Queueing Theory – Interpreting $\frac{\lambda}{c\mu}<1$ in Steady-State Solution of M/M/c Model

markov-processqueueing-theorystochastic-processes

In this video, the professor embarks on finding the equilibrium solution to an M/M/c queueing model, with the condition that $\displaystyle\frac{\lambda}{c\mu}<1$, where:

  • Customers arrive into the system as a Poisson process with rate $\lambda$
  • Service times by the $c$ servers are exponentially distributed with parameter $\mu$.

I want to interpret the expression $$\displaystyle\frac{\lambda}{c\mu}<1.$$

To start with, I tried interpreting the inequality $\frac{\lambda}{\mu}<c$, in a sense that the arrival rate mustn't be significantly high, so that the system can converge to a steady state.

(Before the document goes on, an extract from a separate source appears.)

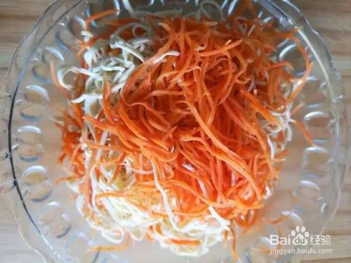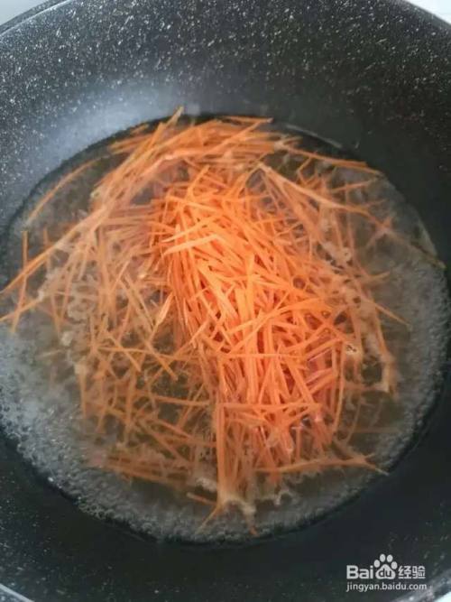 步骤三:胡萝卜切成丝儿也放入锅中也进焯一下水。捞出过凉。攥干水分备用。

Another approach was to think that $\mu>\frac{\lambda}{c}$, as in the departure rate should be significant enough not to cause an overload to the system and have it converge to a steady state at $t=\infty$.

But why does the term $c$ assume such an important role here? What I understand is that as the number of servers increases, the capability of the system to handle larger inflow of customers increases, so that the arrival rate can increase without causing the system to explode in the longer run, using the expression $\frac{\lambda}{\mu}<c$.

I would really appreciate a clearer view into the interpretation of the expression as applied to a queueing system.

Best Answer

Intuitively I think about it like this; the 'rate in' is $\lambda$, and the maximum possible 'rate out' is $c\mu$ ($c$ servers working at rate $\mu$). So if $\lambda > c\mu$, we have more people coming in than we can reasonably serve, and the length of the queue goes to infinity.